*** DATA FOR THIS TASK ***
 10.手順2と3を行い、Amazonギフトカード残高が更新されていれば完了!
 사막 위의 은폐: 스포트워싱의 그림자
*** End of DATA FOR THIS TASK ***
*** DATA FOR THIS TASK ***
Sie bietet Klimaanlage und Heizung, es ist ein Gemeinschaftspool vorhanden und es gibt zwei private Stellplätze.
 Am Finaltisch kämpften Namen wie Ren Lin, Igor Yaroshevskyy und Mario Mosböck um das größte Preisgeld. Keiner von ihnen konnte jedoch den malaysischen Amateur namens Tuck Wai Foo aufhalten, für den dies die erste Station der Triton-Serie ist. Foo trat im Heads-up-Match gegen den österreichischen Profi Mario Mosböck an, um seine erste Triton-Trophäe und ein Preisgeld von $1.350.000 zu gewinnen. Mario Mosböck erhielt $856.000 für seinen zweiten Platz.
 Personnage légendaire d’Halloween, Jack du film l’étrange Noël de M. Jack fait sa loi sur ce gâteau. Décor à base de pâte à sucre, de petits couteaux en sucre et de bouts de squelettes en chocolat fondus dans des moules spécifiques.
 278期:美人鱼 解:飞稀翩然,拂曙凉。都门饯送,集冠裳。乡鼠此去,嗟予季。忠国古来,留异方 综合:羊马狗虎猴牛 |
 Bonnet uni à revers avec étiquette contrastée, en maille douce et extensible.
*** End of DATA FOR THIS TASK ***
*** DATA FOR THIS TASK ***
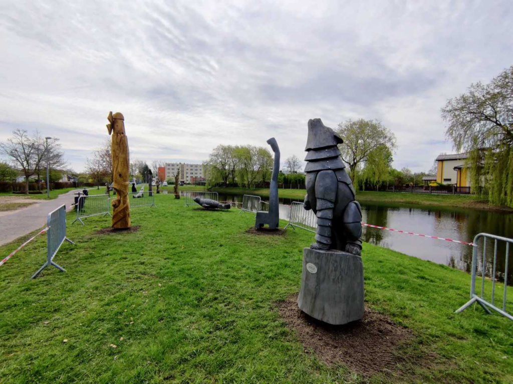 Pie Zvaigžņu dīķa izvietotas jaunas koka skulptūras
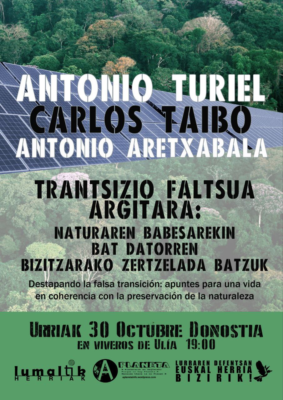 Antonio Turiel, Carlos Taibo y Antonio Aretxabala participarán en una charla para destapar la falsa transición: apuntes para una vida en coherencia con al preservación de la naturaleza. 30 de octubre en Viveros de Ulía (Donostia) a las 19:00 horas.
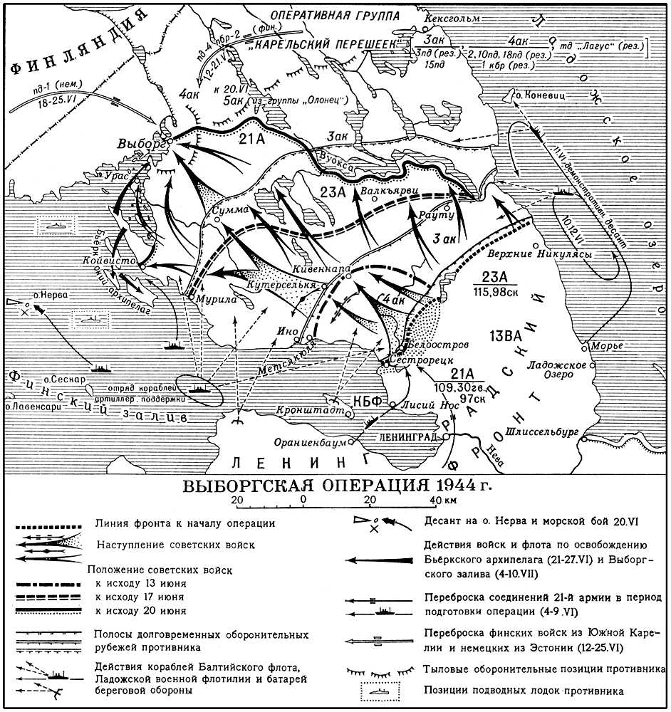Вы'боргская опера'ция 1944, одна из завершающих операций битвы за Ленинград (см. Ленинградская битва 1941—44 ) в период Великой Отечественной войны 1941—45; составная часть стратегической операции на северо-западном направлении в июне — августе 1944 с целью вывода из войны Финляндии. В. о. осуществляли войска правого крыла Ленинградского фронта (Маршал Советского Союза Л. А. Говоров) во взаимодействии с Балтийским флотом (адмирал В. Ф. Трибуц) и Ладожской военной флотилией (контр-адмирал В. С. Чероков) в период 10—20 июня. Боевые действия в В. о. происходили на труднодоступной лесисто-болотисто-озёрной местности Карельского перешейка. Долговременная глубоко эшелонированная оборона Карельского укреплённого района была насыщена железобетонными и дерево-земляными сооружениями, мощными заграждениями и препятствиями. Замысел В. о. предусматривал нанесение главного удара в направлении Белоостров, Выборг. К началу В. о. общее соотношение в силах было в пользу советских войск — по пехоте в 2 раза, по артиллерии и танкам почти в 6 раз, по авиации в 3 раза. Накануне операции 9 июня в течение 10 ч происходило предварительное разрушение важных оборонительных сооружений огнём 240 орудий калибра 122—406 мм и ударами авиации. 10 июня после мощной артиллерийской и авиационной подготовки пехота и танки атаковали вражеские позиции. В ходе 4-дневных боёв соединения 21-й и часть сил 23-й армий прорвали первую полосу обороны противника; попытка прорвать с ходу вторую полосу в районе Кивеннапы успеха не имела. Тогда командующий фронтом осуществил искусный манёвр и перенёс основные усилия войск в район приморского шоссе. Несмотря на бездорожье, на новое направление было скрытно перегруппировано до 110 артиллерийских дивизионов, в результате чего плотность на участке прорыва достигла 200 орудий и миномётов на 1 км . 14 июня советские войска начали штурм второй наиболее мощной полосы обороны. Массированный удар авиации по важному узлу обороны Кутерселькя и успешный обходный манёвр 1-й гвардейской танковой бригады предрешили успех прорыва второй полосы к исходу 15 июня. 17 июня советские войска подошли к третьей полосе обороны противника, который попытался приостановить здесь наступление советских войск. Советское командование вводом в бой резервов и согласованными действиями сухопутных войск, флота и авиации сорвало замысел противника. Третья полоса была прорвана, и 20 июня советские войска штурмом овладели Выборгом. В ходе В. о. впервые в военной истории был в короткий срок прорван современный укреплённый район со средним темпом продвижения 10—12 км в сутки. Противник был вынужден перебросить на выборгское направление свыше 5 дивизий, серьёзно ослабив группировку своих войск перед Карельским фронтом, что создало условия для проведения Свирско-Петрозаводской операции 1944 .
*** End of DATA FOR THIS TASK ***
--- EXERCISE BRIEF ---
Write out only the lines that run from the line containing "Am Finaltisch kämpften" through the line containing "Bonnet uni à", both included, exactly as they appear above.

--- EXERCISE SOLUTION ---
 Am Finaltisch kämpften Namen wie Ren Lin, Igor Yaroshevskyy und Mario Mosböck um das größte Preisgeld. Keiner von ihnen konnte jedoch den malaysischen Amateur namens Tuck Wai Foo aufhalten, für den dies die erste Station der Triton-Serie ist. Foo trat im Heads-up-Match gegen den österreichischen Profi Mario Mosböck an, um seine erste Triton-Trophäe und ein Preisgeld von $1.350.000 zu gewinnen. Mario Mosböck erhielt $856.000 für seinen zweiten Platz.
 Personnage légendaire d’Halloween, Jack du film l’étrange Noël de M. Jack fait sa loi sur ce gâteau. Décor à base de pâte à sucre, de petits couteaux en sucre et de bouts de squelettes en chocolat fondus dans des moules spécifiques.
 278期:美人鱼 解:飞稀翩然,拂曙凉。都门饯送,集冠裳。乡鼠此去,嗟予季。忠国古来,留异方 综合:羊马狗虎猴牛 |
 Bonnet uni à revers avec étiquette contrastée, en maille douce et extensible.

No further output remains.